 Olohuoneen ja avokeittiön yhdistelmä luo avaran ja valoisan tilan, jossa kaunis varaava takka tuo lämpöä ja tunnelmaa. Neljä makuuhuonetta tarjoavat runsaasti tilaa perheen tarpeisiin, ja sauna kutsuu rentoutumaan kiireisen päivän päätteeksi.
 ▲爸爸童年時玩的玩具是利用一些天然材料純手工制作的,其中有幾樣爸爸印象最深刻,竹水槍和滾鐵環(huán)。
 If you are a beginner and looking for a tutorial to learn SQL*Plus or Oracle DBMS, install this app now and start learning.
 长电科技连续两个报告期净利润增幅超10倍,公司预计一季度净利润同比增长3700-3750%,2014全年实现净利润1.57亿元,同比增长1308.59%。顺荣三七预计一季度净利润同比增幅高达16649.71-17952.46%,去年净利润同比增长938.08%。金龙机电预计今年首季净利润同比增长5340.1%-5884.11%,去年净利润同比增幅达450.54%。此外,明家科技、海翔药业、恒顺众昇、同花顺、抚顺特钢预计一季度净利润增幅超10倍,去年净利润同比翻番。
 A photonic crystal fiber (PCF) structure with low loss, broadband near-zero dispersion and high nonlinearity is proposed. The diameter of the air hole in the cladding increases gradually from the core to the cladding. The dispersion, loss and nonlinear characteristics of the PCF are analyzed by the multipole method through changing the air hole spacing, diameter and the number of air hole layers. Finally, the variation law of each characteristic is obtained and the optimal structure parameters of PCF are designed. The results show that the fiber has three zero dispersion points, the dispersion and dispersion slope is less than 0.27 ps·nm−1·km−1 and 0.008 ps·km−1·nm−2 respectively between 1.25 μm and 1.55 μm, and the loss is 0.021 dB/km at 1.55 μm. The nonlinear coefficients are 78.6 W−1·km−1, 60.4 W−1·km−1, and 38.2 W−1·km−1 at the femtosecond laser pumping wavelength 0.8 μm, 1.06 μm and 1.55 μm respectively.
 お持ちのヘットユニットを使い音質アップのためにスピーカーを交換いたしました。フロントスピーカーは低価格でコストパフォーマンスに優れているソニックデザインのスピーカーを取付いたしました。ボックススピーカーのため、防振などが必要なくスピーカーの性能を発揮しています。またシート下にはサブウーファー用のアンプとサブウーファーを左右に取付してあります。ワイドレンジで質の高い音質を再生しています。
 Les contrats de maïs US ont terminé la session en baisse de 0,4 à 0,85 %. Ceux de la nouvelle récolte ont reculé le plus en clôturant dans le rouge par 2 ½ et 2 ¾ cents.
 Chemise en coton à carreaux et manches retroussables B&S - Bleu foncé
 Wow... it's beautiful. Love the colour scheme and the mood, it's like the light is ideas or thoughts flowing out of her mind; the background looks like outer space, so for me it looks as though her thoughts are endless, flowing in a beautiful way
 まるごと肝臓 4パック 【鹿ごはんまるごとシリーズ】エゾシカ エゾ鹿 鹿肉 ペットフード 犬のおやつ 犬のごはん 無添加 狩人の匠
+++++
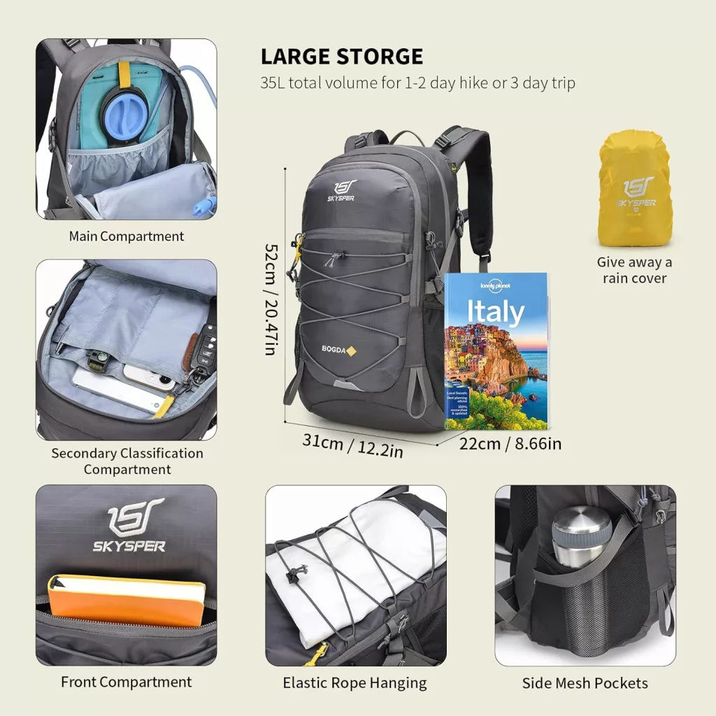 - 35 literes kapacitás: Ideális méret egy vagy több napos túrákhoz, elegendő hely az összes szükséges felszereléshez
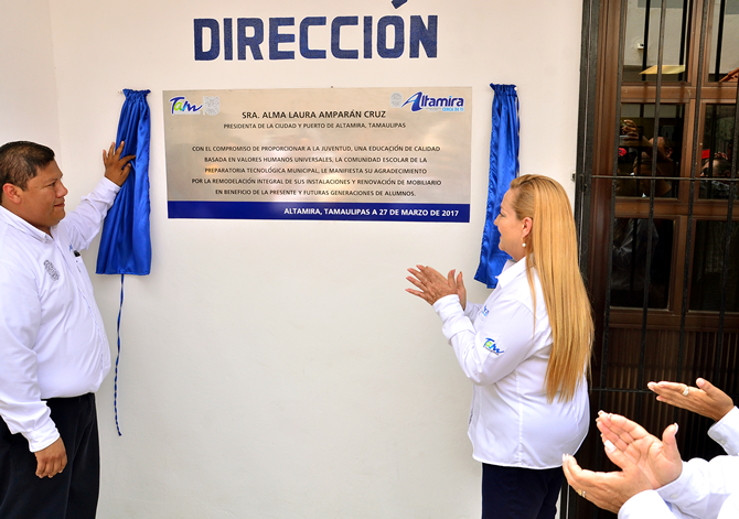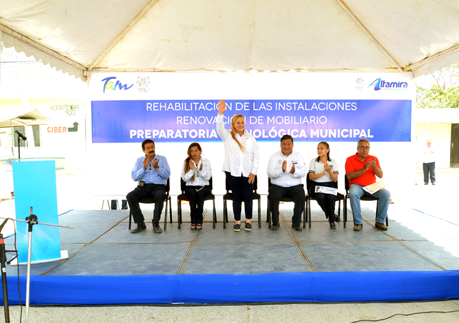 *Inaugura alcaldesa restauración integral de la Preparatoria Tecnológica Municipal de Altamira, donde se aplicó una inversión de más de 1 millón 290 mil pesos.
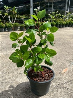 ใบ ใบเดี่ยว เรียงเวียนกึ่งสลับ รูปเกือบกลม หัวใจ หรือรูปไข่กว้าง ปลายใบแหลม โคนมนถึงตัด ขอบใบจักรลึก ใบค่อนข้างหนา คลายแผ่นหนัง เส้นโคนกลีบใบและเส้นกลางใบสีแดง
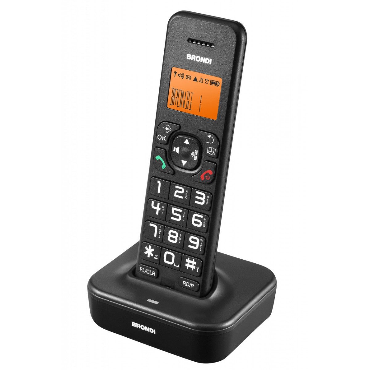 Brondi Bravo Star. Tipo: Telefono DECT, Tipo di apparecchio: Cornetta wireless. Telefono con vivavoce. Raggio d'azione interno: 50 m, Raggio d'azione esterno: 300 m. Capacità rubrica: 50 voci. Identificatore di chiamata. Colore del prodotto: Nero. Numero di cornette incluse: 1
+++++
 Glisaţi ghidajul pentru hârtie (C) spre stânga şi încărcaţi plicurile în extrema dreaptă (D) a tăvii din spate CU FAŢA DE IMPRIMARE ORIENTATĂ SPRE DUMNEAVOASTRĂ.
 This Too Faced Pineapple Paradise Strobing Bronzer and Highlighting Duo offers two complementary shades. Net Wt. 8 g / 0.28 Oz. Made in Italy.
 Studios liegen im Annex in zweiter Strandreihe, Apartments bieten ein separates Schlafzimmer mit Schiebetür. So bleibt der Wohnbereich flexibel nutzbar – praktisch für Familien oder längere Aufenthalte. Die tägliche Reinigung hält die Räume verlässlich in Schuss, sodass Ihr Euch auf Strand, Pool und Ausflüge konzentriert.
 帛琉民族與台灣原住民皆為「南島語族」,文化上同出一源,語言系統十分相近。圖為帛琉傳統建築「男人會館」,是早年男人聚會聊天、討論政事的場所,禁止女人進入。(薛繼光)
+++++
**Problem to work on:** Looking at the entries above, can you reproduce exactly the lines from the one that holds "Les contrats de" through the one that holds "Chemise en coton", and only those?

**Answer box:**
 Les contrats de maïs US ont terminé la session en baisse de 0,4 à 0,85 %. Ceux de la nouvelle récolte ont reculé le plus en clôturant dans le rouge par 2 ½ et 2 ¾ cents.
 Chemise en coton à carreaux et manches retroussables B&S - Bleu foncé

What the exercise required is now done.